Classifier evaluation panel with the Evaluate button highlighted to generate a classification report.

CPA will show a report with metrics such as precision, recall, and F1.

Precision: of the cells predicted as Healthy, how many were labeled Healthy?
Recall: of the labeled Healthy cells, how many did the classifier identify as sch?
F1: a balanced score combining precision and recall (useful when classes are imbalanced, like here)

Classification report window showing metrics including precision, recall, and F1 score for Healthy and Unhealthy classes.

Score all images

As a further evaluation, we can predict phenotypes in all images using Score All.

CellProfiler Analyst classifier interface with the Score All option highlighted to apply the classifier to all images.

CPA will produce a table summarizing class enrichment per image/condition. In our dataset, you should see a trend consistent with the experiment: well B02 (i.e. DMSO) is (non-significantly) enriched for Healthy cells compared with cytoD-treated (B07) images.

Results table in CellProfiler Analyst showing per-image or per-condition counts/enrichment of Healthy versus Unhealthy classified cells.

Refining classifier

To further improve the classifier, we can add label cells that the classifier was uncertain about.

CellProfiler Analyst view with option to fetch uncertain predictions highlighted.
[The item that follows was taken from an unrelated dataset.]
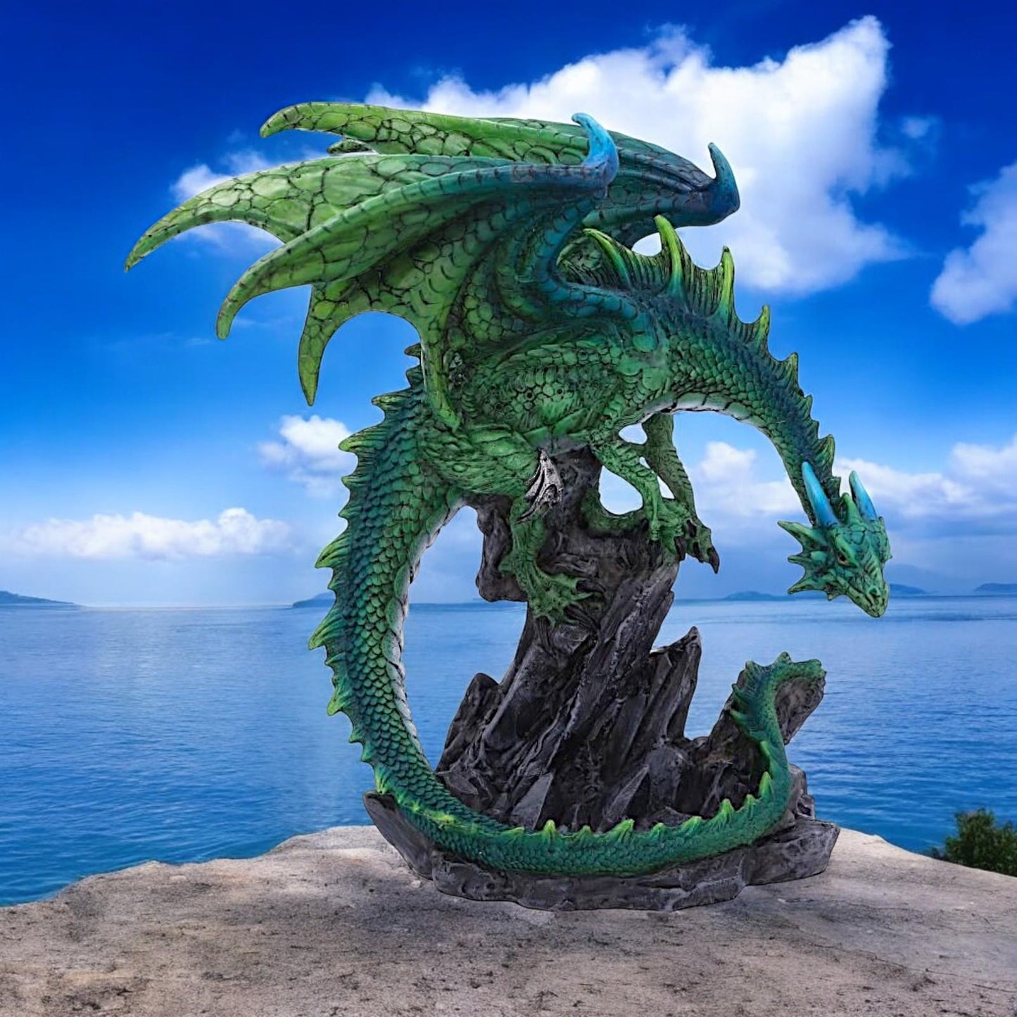 Add a touch of mysticism and elegance to your decor with this expertly crafted Green Dragon Figurine. Perched majestically on a rocky outcrop, this dragon is cast in premium-quality resin and features meticulous hand-painted detailing. At 21cm tall, it's a stunning addition to any dragon lover's collection or a perfect gift for fantasy enthusiasts.

If we sort these images into the labels and then hit Train again, we can get an increasingly accurate classifier.

Conclusions

You have now gone from segmentation and measurements (CellProfiler) to phenotype classification (CellProfiler Analyst). This workflow is powerful, but it only works well when:

you have sufficiently descriptive features and
there is a visual phenotype.

Key Points

CellProfiler Analyst can classify cellular phenotypes using the measurements exported by CellProfiler.
The properties file tells CPA how to find and interpret your database and images.
ExportToDatabase can generate CPA-ready outputs, but database may need extra filtering.
Classifier performance depends heavily on consistent labels and representative training examples.